We validated that our classifier obtains adequate accuracy because it weights important parts of an image in the classification process. That is, the attribution method (Figure 4) helped us determine which pixels most affect the classifier’s decision making. This helped ensure that intuitively important pixels were being weighted more frequently than potential common artifacts, such as recurrent background types or articles of clothing in the panoramic images.29 This approach was used in our classifier development process to subjectively examine which combinations of training datasets provided the best output.
Discussion
Our overarching goal was to use neural networks to demonstrate how these and related methods can be leveraged in potentially useful and interesting ways with datasets involving genetic conditions. Our aim was not to build the most accurate classifier possible. We could achieve better accuracy with additional (computationally expensive) modifications, such as further modifying the model’s hyperparameters or by incorporating larger or different datasets for training. We note that the availability of larger, centralized, and freely available datasets relevant to genetic diseases such as those we analyzed is currently lacking compared to more common conditions.
Our classifier outperformed both pediatricians and geneticists for both focused and panoramic images. This does not imply that the classifier can or should replace human experts or that our methods represent clinical practice. To help reduce potential bias in our surveys, and to allow us to efficiently gather more information from respondents, we did not allow clinicians to access materials (such as textbooks or the internet) that they might employ in real-life scenarios. We also asked clinicians to classify images without incorporating other information that is often important in clinical practice, such as family history and other clinical manifestations (e.g., the presence or absence of developmental delay or certain types of cancer). These data could be incorporated into a computer-based classifier, though such a model was not part of our objectives, in part because we did not have uniform access to these data. Despite this, our experimental set-up did allow us to estimate how well the physicians perform when provided with the more holistic panoramic images versus the focused images. This estimation was not done in some other studies involving skin images.6,24
The fact that our classifier worked relatively well may demonstrate possible use cases. For example, this type of approach could help primary care doctors determine which individuals should be prioritized for evaluation by subspecialists like geneticists. In settings—both in the United States and in other countries—with less access to specialists, these tools could help identify the most efficient genetic testing strategies. Even for experienced geneticists, these classifiers could be used as a back-up or additional tool to augment their assessment of certain characteristics of an individual they see.
We observed a range of accuracy for the clinicians. This is logical: some clinicians may be more experienced with these specific conditions or may simply be more gifted at this type of task. The fact that the classifier does relatively well across different conditions, in addition to the overall accuracy, is notable. As an example, the confusion matrices (Figures 3 and S1) show that the clinicians classify certain conditions better than others. This may relate to the rarity of certain conditions that may be clinically important but are rarely encountered in training or clinical practice. This is one advantage of computerized methods, where a very rare condition can be included if adequate overall data can be gathered. Interestingly, the clinicians had more difficulty discerning conditions that can appear similar to each other, such as HMI and IP, than the classifier.
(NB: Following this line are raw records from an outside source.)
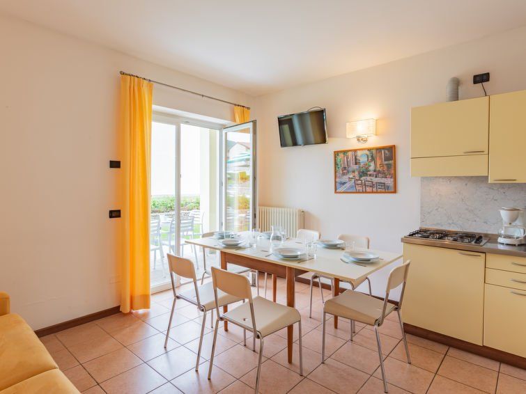 There are 4 houses, each with 4 apartments on 2 floors. In the center of the property is a well-kept pool. one parking space is available for each apartment. The property is locked in the evening/night. There are a few restaurants nearby. We recommend La Lanterna and Da Pino 2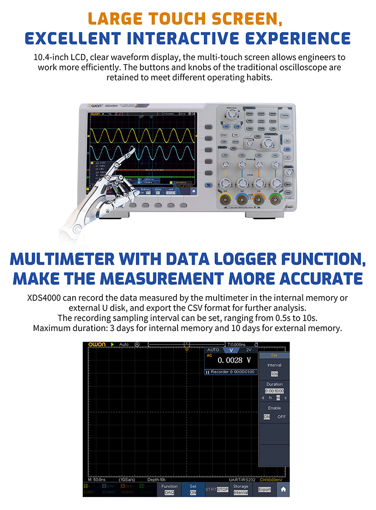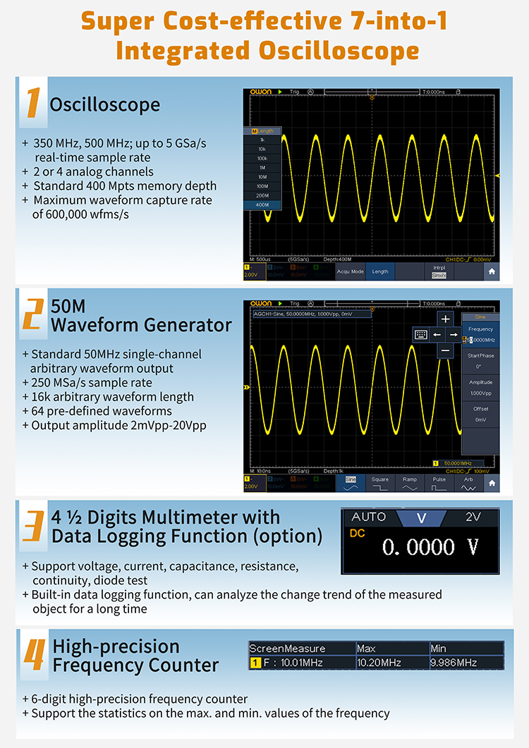 - 多機能タッチオシロスコープ 5GSa/s, 最大500MHz OWON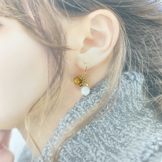 誕生石とチェコビーズのピアス・イヤリング【6月・ムーンストーン】ゴールドの通販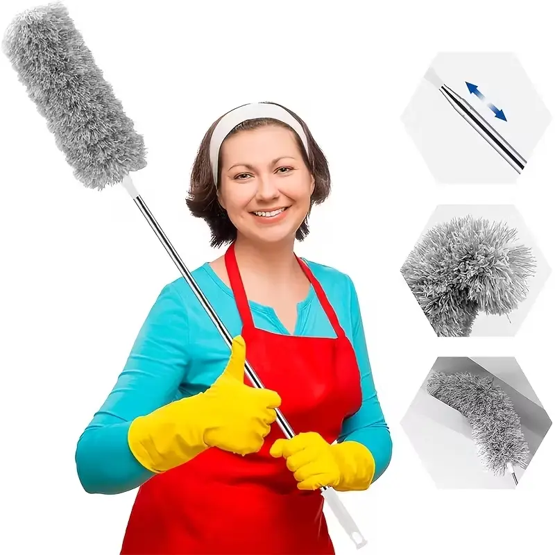 Extendable Microfiber Dusting Brush, Microfiber Ceiling Fan Duster with Bendable Head, Reusable & Washable, Ideal for High Ceilings, Home, Car, Patio, Battery-Free, Durable Stainless Steel Handle, Efficient Dust Removal, Ergonomic Design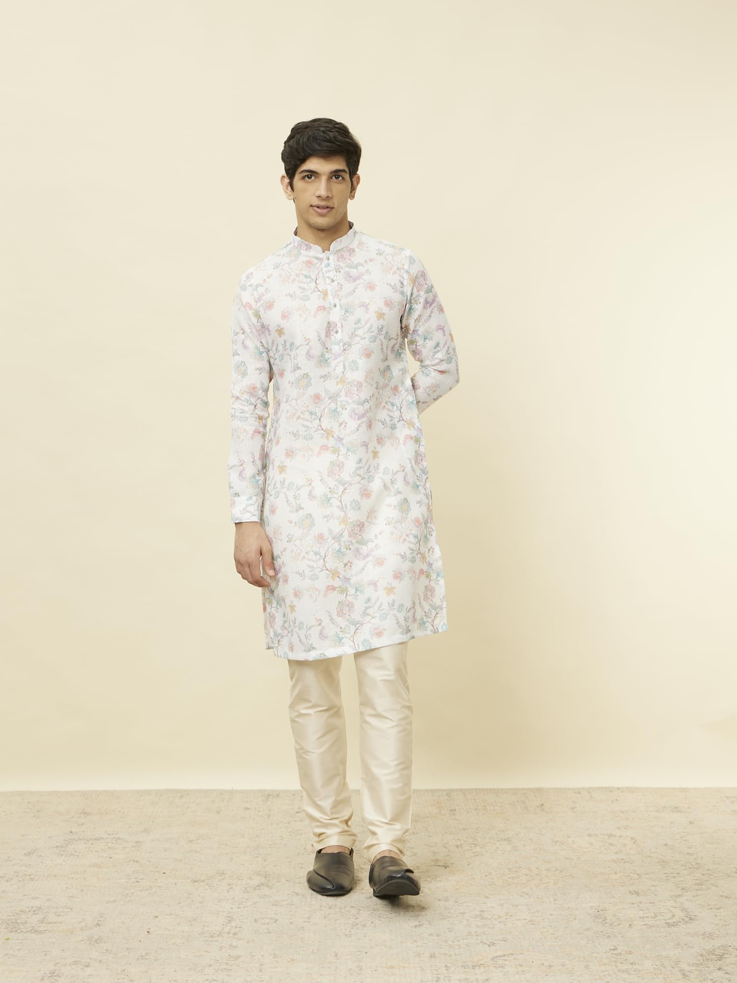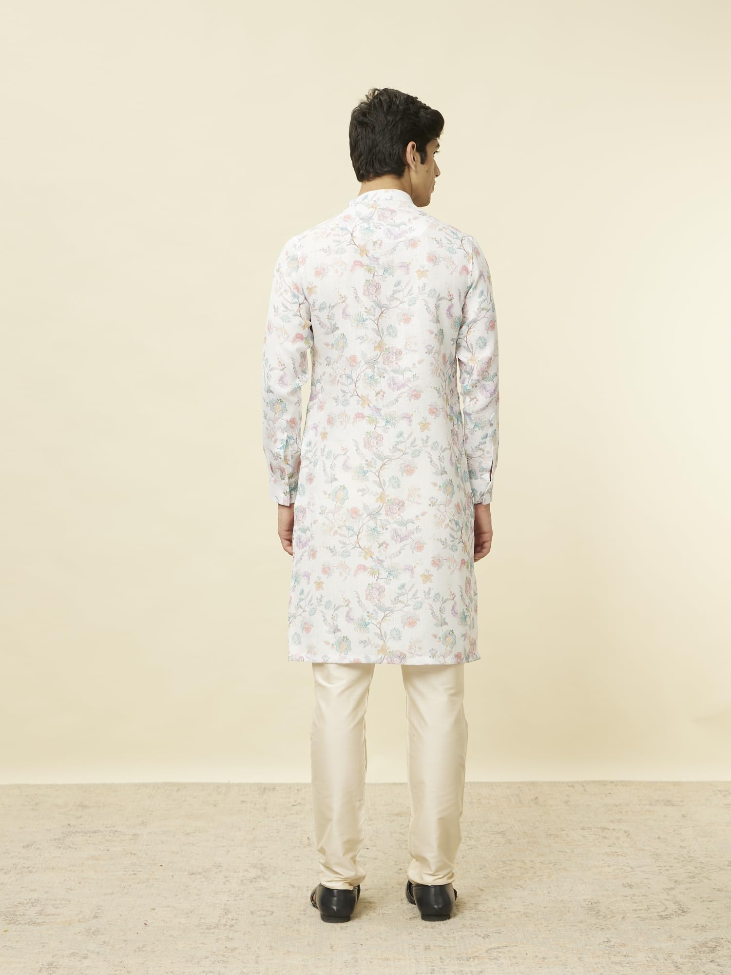 - Design:-Featuring a bandhgala and flat buttons, this delicate white kurta is adorned with multi-hued bel buti and floral prints. A perfect blend of elegance and tradition, style it with a matching pajama and mojaris for a serene and sophisticated ensemble.

We built a potentially useful method using small datasets; we were able to build the classifying algorithm using a minimum of about 100 images per condition. This is important when considering methods for conditions that are relatively rare. We also endeavored to include individuals of diverse ancestral backgrounds when collecting our training datasets. As the ancestral background of most individuals whose images we used was not described in the primary literature, this was difficult to quantify and requires further testing and attention in this type of work.30,31 However, we do not want to overstate our ability to quantify the diversity of the images in this dataset, as these data were often not available. We also did not want to assume the ancestry of an individual where that was not specifically mentioned. We plan to pursue this important question in prospective studies.
The methods we built can also be readily modified. For example, other conditions could be incorporated by collecting additional images and retraining our classifier, which can be done quickly using the code we provide. We also applied related techniques on our current dataset to generate new images via generative adversarial networks (see Supplemental methods), which may be useful for improving classifier performance.
One concern about neural network and related methods is that they are a “black box” that is opaque to human intuition or explanation. Our attribution methods show that one can correlate which features are important for the computer classifier to make decisions. This has recently been used to explore confounders in analysis of X-rays from individuals with COVID-19.28 This was useful during the classifier building process to ensure that pixels were weighted in what would be considered a logical fashion. This is not dissimilar to how a human might identify which condition a person has. That is, the human may pay more attention to certain informative features, such as the shape of a skin lesion or the angle of a bone on an X-ray. A key clinical skill learn is learning which features deserve attention and which are less important. Using computer-based attribution methods can similarly help understand which features a model uses. We plan to explore objective quantification of these methods in future studies.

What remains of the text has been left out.